GOAL OF THE EXERCISE: Return, word for word, only the lines of the data below that lie between the line with "Save Game (Profile)" and the line with "Ini kerana kartun", those two lines included.

SOURCE DATA:
━━━━━━━━━━

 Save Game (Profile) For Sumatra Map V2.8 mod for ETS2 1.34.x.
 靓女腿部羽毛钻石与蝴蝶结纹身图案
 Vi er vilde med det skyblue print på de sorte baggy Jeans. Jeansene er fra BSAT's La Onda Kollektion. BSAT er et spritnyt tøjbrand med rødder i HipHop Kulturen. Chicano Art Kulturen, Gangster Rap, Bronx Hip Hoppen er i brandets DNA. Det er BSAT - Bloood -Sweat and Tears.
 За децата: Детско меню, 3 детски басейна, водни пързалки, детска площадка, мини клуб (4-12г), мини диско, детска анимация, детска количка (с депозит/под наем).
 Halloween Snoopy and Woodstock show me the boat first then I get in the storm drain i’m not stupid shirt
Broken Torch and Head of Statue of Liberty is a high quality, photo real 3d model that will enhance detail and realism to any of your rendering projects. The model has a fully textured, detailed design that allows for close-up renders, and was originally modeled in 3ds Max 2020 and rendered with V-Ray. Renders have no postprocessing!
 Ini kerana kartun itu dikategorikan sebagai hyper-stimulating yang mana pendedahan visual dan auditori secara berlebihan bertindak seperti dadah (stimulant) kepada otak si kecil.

━━━━━━━━━━

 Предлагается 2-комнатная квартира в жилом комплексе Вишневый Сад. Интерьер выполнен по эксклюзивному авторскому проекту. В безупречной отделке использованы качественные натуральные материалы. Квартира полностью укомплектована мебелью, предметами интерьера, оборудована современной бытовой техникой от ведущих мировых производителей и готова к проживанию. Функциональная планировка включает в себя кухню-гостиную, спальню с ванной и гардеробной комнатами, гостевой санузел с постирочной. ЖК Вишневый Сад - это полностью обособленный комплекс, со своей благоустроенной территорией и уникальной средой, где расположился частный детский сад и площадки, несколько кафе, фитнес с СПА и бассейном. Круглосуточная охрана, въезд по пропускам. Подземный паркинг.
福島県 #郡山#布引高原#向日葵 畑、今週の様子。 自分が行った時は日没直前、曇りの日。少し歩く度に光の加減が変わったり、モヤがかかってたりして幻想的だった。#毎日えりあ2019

━━━━━━━━━━

TASK RESPONSE:
 Save Game (Profile) For Sumatra Map V2.8 mod for ETS2 1.34.x.
 靓女腿部羽毛钻石与蝴蝶结纹身图案
 Vi er vilde med det skyblue print på de sorte baggy Jeans. Jeansene er fra BSAT's La Onda Kollektion. BSAT er et spritnyt tøjbrand med rødder i HipHop Kulturen. Chicano Art Kulturen, Gangster Rap, Bronx Hip Hoppen er i brandets DNA. Det er BSAT - Bloood -Sweat and Tears.
 За децата: Детско меню, 3 детски басейна, водни пързалки, детска площадка, мини клуб (4-12г), мини диско, детска анимация, детска количка (с депозит/под наем).
 Halloween Snoopy and Woodstock show me the boat first then I get in the storm drain i’m not stupid shirt
Broken Torch and Head of Statue of Liberty is a high quality, photo real 3d model that will enhance detail and realism to any of your rendering projects. The model has a fully textured, detailed design that allows for close-up renders, and was originally modeled in 3ds Max 2020 and rendered with V-Ray. Renders have no postprocessing!
 Ini kerana kartun itu dikategorikan sebagai hyper-stimulating yang mana pendedahan visual dan auditori secara berlebihan bertindak seperti dadah (stimulant) kepada otak si kecil.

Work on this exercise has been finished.